What Meryl Streep said, kind of: LA Times offers Hollywood values (minus you know what)

First things first: I confess that I would pay money to hear Meryl Streep read the ingredients off the side of a cereal box and she could choose the accent she used. I'm a fan. However, to continue my confessions, my reaction to the Twitter storm about her Golden Globes sermon (text here) is rather mixed.

Any reader of this blog knows that I am with her when it comes to cheering for the press to play a watchdog role with the Powers That Be. I would back that argument no matter who is in the White House, not just during GOP (or whatever Citizen Donald Trump is) administrations. As a First Amendment liberal, I would also like to see her cheer for freedom of speech, freedom of association and the free exercise of religion.

But here is my main question, after reading some of the press coverage: Is Streep actually on Trump's payroll?

She could not have given a speech that helped Trump more and, perhaps, hurt the mainstream press more than the one she gave last night. As a #NeverTrump (and #NeverHillary) voter, this has nothing to do with protecting Trump. No, Streep poured more gasoline on the old Hollywood values fires, a fact explored -- kind of -- in a massive Los Angeles Times reaction package on Hollywood, values issues and Trump (and to a lesser extent, Trump voters).
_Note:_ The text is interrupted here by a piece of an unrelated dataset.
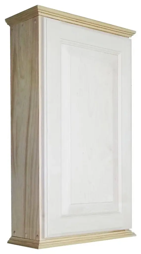 Mounts on the wall with steel mounting brackets inside for an easy installation. With two mounting methods, there is no need to worry about where the studs are in the wall. Three fully adjustable glass shelves slide into our patented shelf supports so they don''t tip or rock. Raised panel door sits on concealed hinges with soft close feature, door is reversible so you can mount it to open either direction. Perfect as a medicine cabinet, spice cabinet, or storage cabinet anywhere. OVERALL Measurements are 25.5h x 15.5w x 5.25"d OVERALL. You''ll have nearly 4.5" of depth INSIDE the cabinet. Unfinished bare wood can be painted or stained as desired. Solid pine cabinet box with solid maple door. Proudly made in Sarasota, FL.

What does this have to do with religion-beat coverage?

Absolutely nothing, in this case. That's bad.

You know that whole "Does Hollywood get the religion market" thing? Don't expect to read about that in this tsunami of digital ink. Maybe there is some thoughtful material in there on entertainment colliding with faith, morality and culture issues, but I couldn't find it before the Times firewall shut me down.

The key statement can be seen in one bold headline: "The notion of a liberal agenda in Hollywood is absurd."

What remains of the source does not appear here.